Setup Single Sign On and remove storage of sensitive information from a user

[JamieSullivan12]

Setup SSO with the University of St Andrews to allow for a seamless login experience.

[pgmccann]

I wonder if we could just let Apache handle the SSO, and Flask could just pick up the user details as per https://stackoverflow.com/questions/20940651/how-to-access-apache-basic-authentication-user-in-flask

[pgmccann]

To clarify:

If everything bar the login page is only visible to logged-in users, we can get rid of the login form and have Apache (which is proxying all the traffic anyway and which is already configured on the production server to use SSO) restrict access to the application to SSO users with specified usernames.

The Flask application should then be able to use

request.environ.get('REMOTE_USER')

to identify the authenticated user.

[JamieSullivan12]

Hi Patrick.
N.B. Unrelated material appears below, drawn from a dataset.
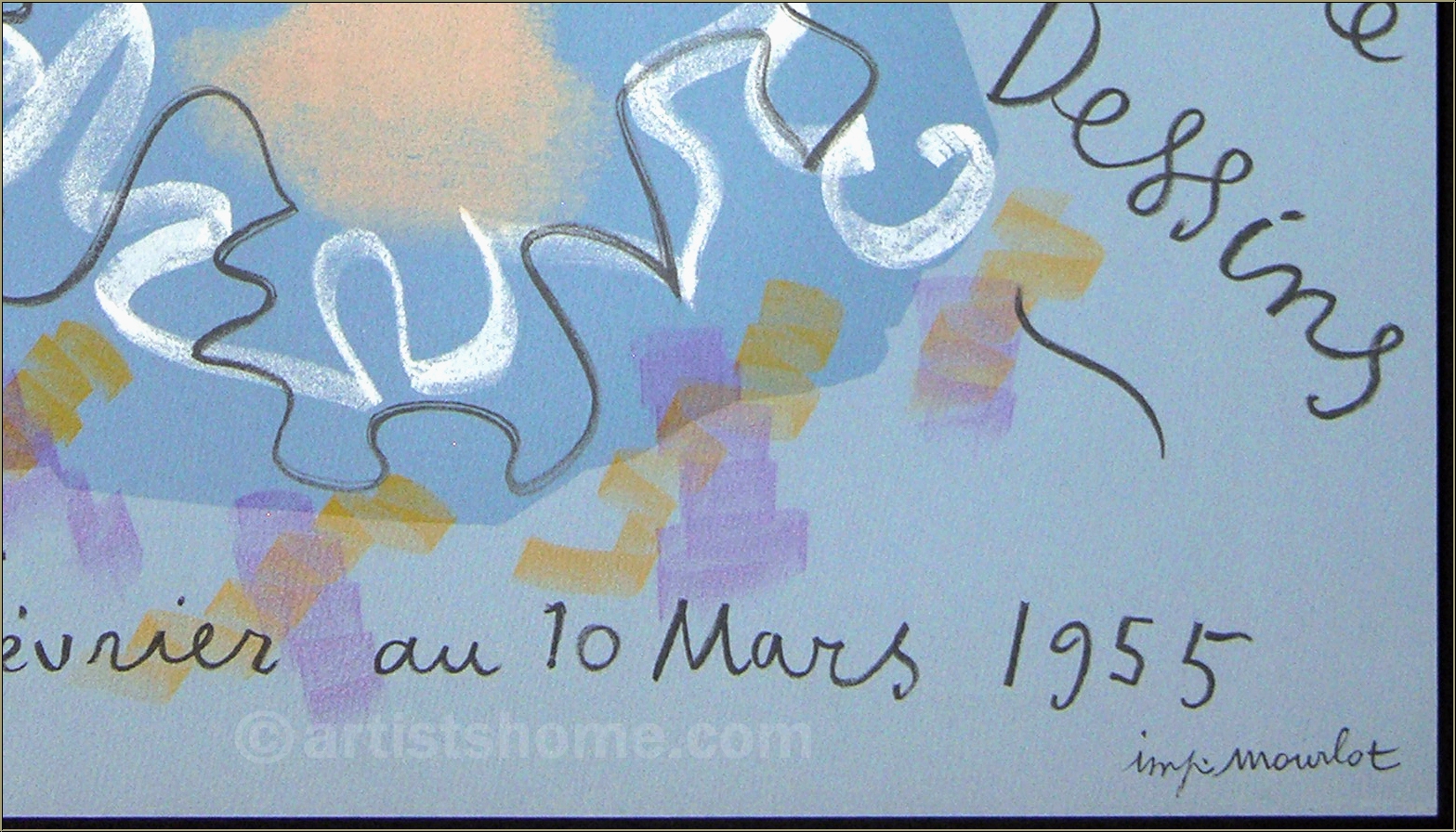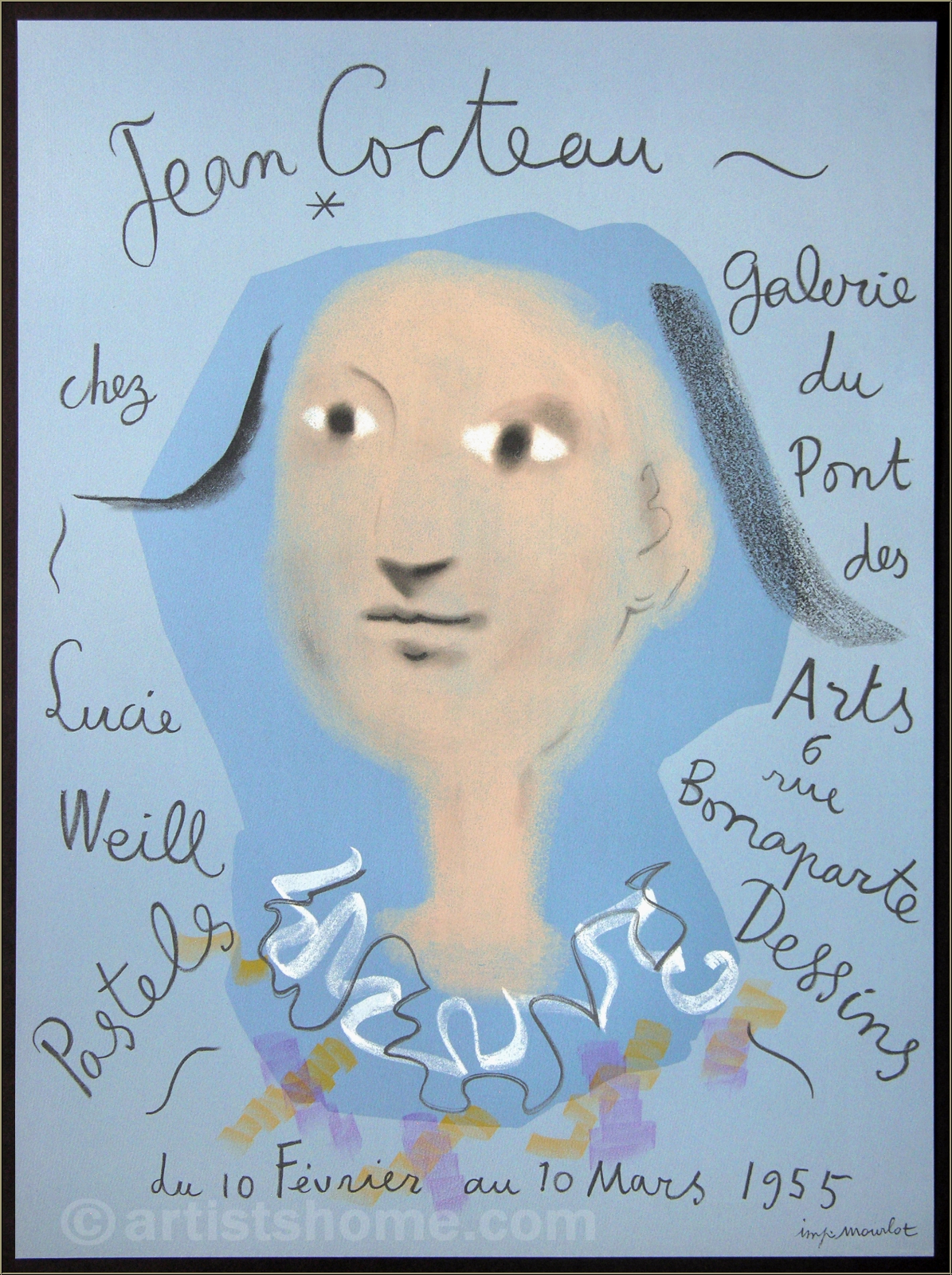 Détails :« Jean Cocteau chez Lucie Weill - Pastels et Dessins » Lithographie « Arlequin sur fond bleu » pour l'exposition à la galerie « du Pont des Arts »
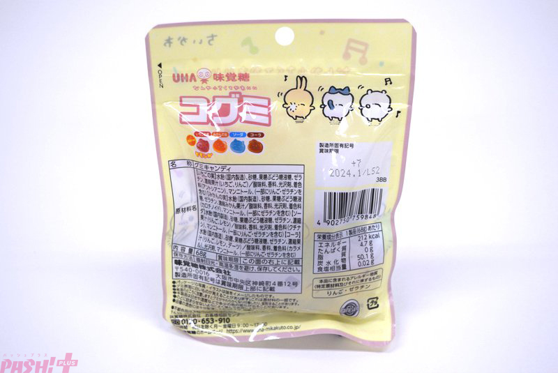 ちいかわ、ハチワレ、うさぎ、モモンガが描かれたかわいいパッケージのコグミです。今回届いたデザインのパッケージは背面にもちいかわたちの姿が! パッケージの隅々まで注目のアイテムです。

Thanks for this. It certainly seems simple to implement. Never having done this before, however, means I am still unsure as to how this would logistically be implemented. My first thoughts are:

• Will the system environment variable return some form of permanent logged in user ID? Or the email? Or something else? If so then our program can store these
• If so, our program can just store these permanent IDs in MariaDB along with their role permission levls
• If not, how would you suggest to implement these access permissions

The program also has facility to create temporary view-only programs - all the code for this is functional and implemented, however the need for a login page still exists.

Perhaps we can do a 30 minute MS Teams call (or in person - I can come to Guardbridge) to discuss this?